Most significantly, ship-based detention may be serving as a means to delay presentment.  Federal law mandates that a defendant arrested outside the United States be brought before a magistrate judge “without unnecessary delay.”  The Supreme Court, moreover, has described delay for the purposes of interrogation as “the epitome of unnecessary delay” and emphasized the importance of prompt presentment as a check against coercive interrogation.  According to the N.Y. Times, Obama administration officials have suggested that the delay in transporting Khattalah was not “unnecessary” because bringing him through international waters is easier than transporting him by helicopter to an airport in a country in Europe or North Africa, which would require the permission of the host country.   It remains to be seen how much flexibility there is in the “without unnecessary delay” requirement for an overseas arrest like Khattalah’s.  It is worth noting that in Yunis, the Navy munitions ship took the defendant to a U.S. aircraft carrier, from which a U.S. aircraft transported him to the U.S.  Ultimately, any presentment issues in Khattalah’s case will likely turn on the exigency of the circumstances, the feasibility of more rapid means of transport, and, relatedly, whether the government deliberately used transport by sea to gain a leg up in interrogating the defendant.  (The transfer reportedly took longer than expected because of “minor engineering issues.”).

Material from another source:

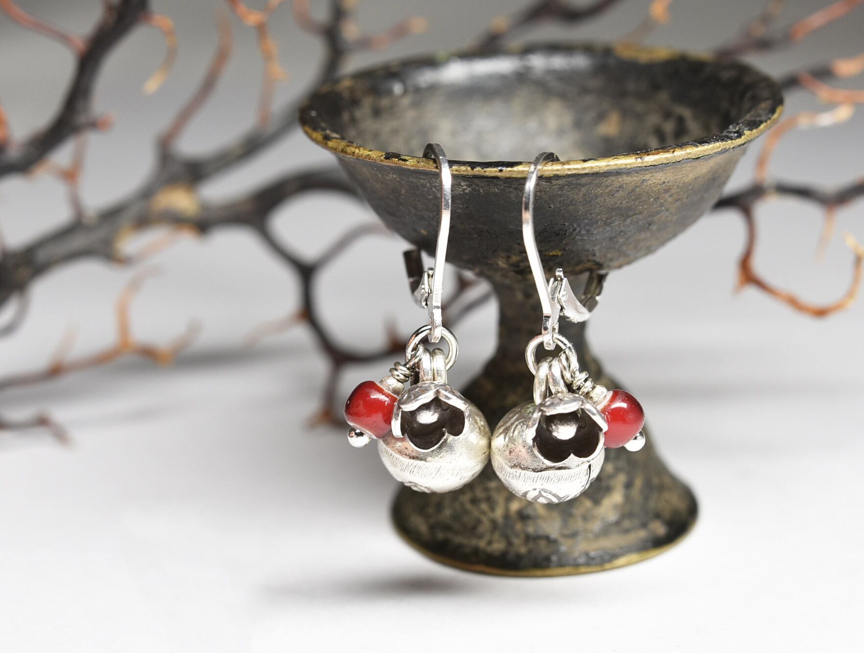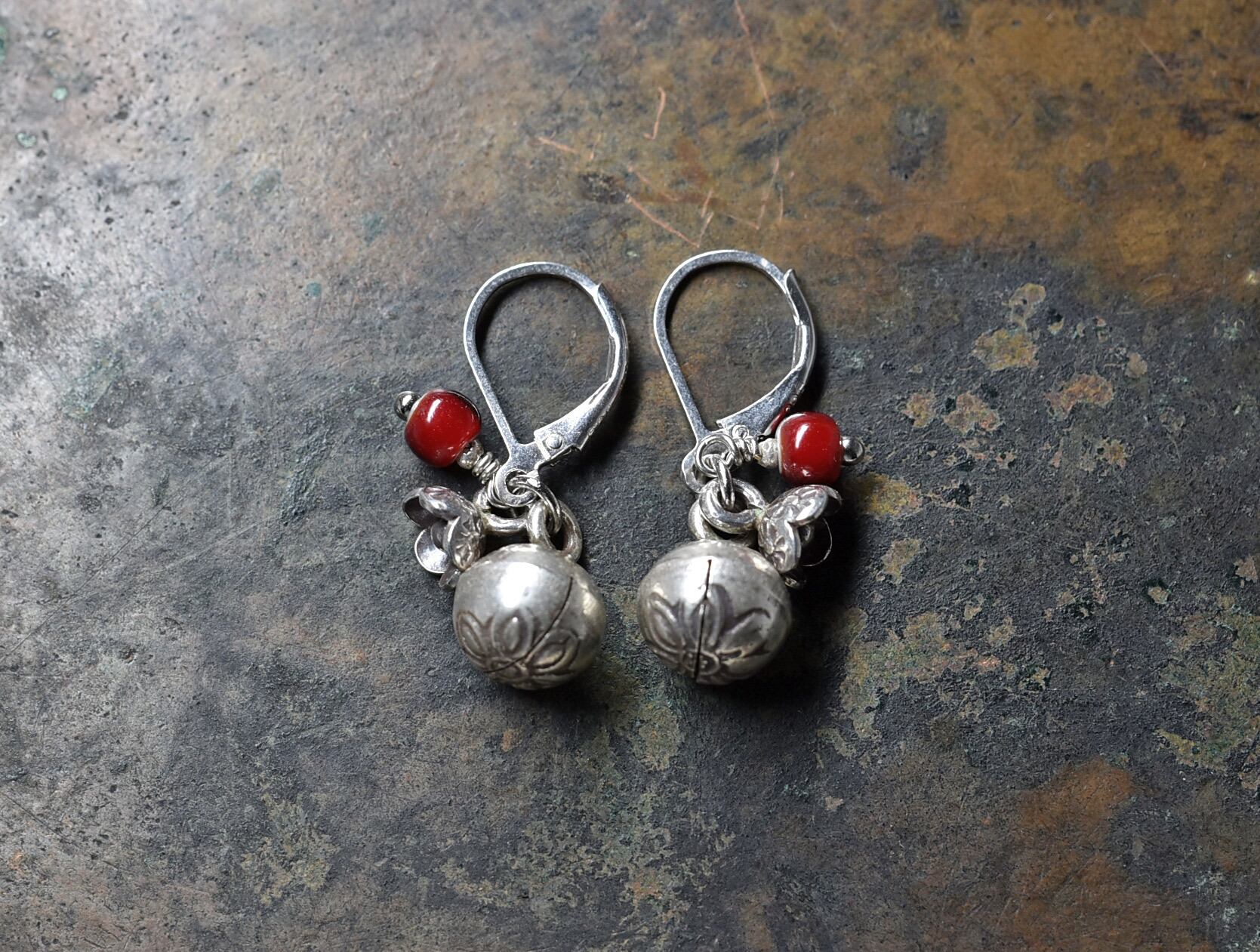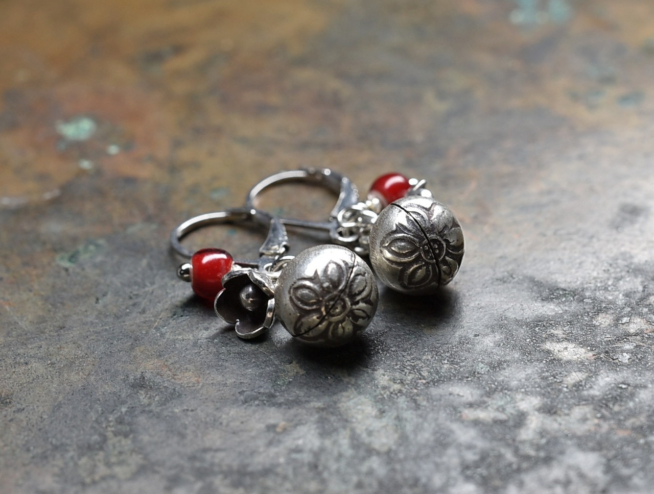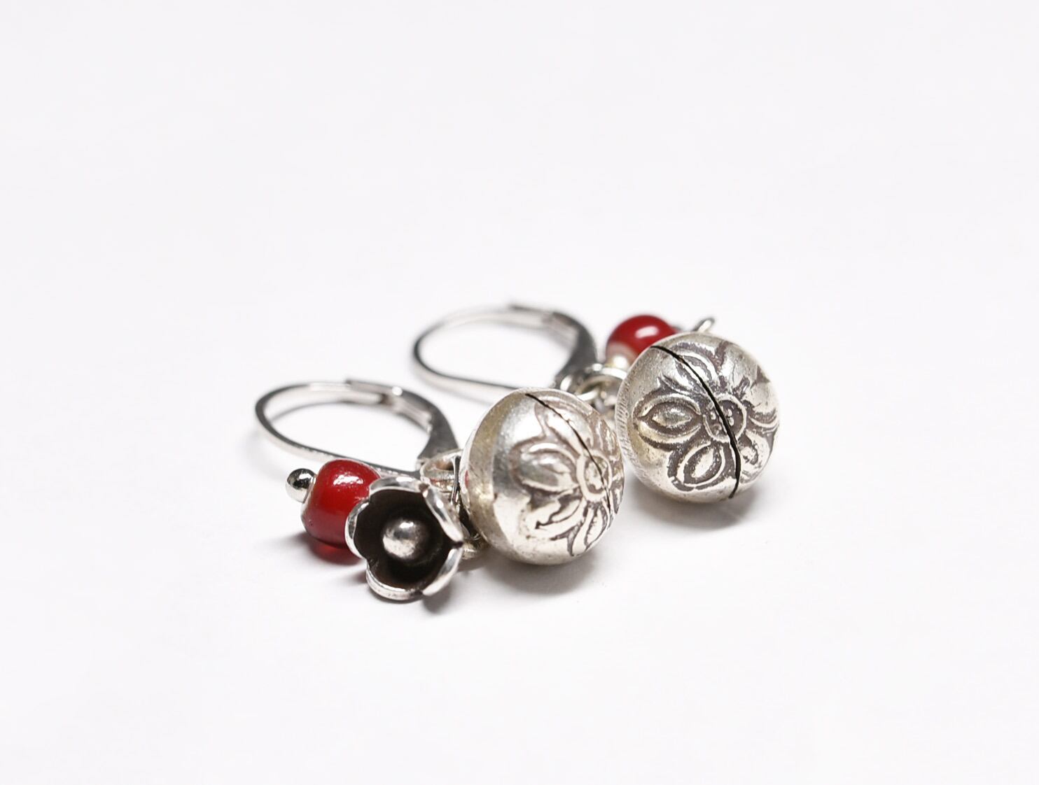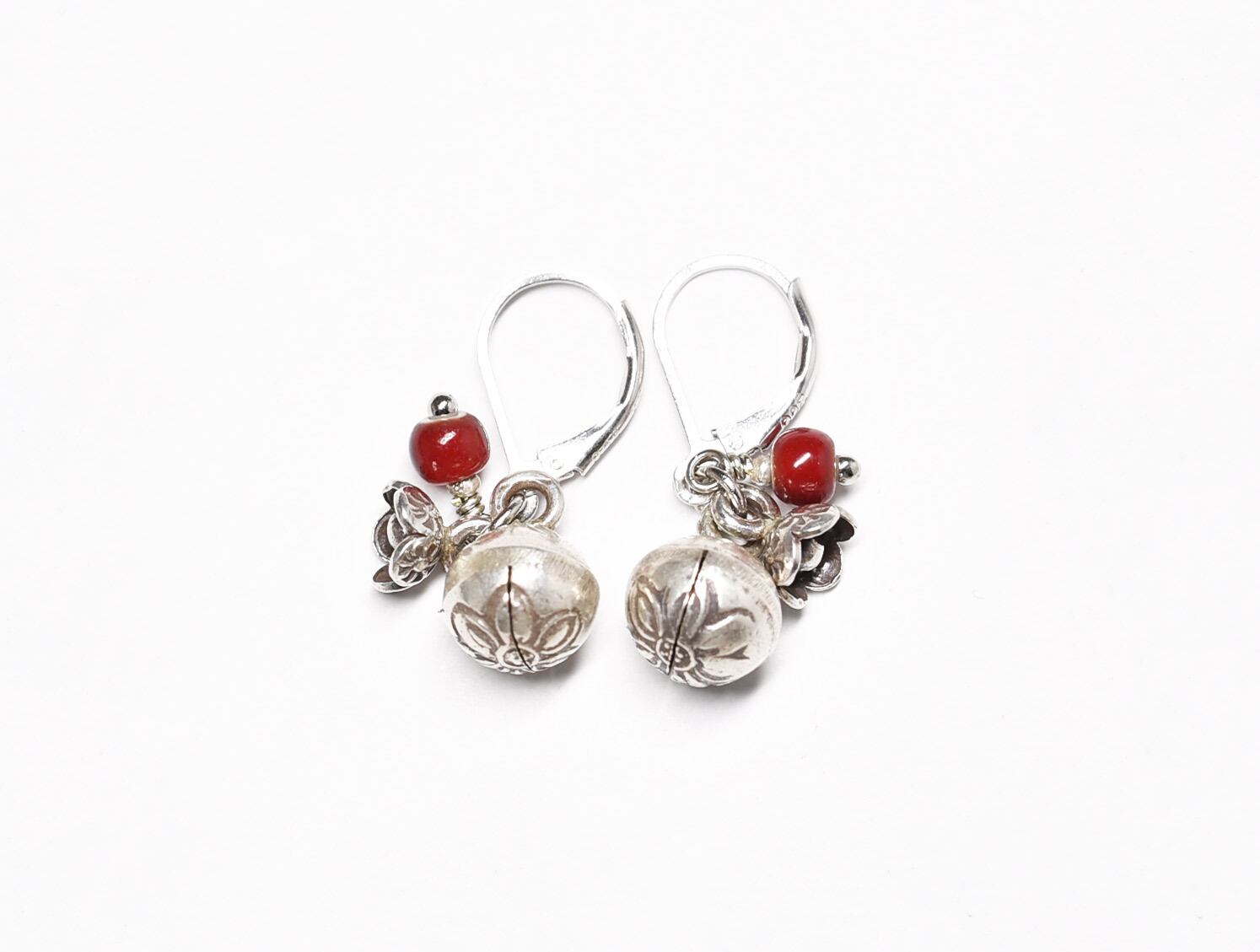 コロンとした可愛らしい鈴にお花を添えたやや小ぶりのピアスです。

Key facts about Khattalah’s ship-based detention remain unknown, and it is uncertain how these legal issues will be resolved in his case.  But a few general points seem clear.  First, ship-based detentions for at least some terrorism suspects seized overseas will continue.  Second, to the extent there is no AUMF nexus, those detentions will more closely resemble the traditional use of ships to transfer suspects arrested in extraterritorial law enforcement operations.  In that respect, Khattalah’s arrest and transfer to the United States represents a welcome return to normalcy.  Third, those detentions, due to their inherent isolation and inaccessibility, nonetheless create a risk of diluting presentment and Miranda rights, particularly given the government’s increased latitude to gather intelligence in terrorism cases.  Finally, the government faces little litigation risk, at least as long as it is not relying on the statements the defendant made during his ship-based detention in its criminal prosecution since the traditional remedy for presentment violations is exclusion of the evidence.   In short, while conducting detentions at sea under a law enforcement paradigm substantially reduces the risks of the type of abuses associated with extrajudicial detention, questions and concerns remain.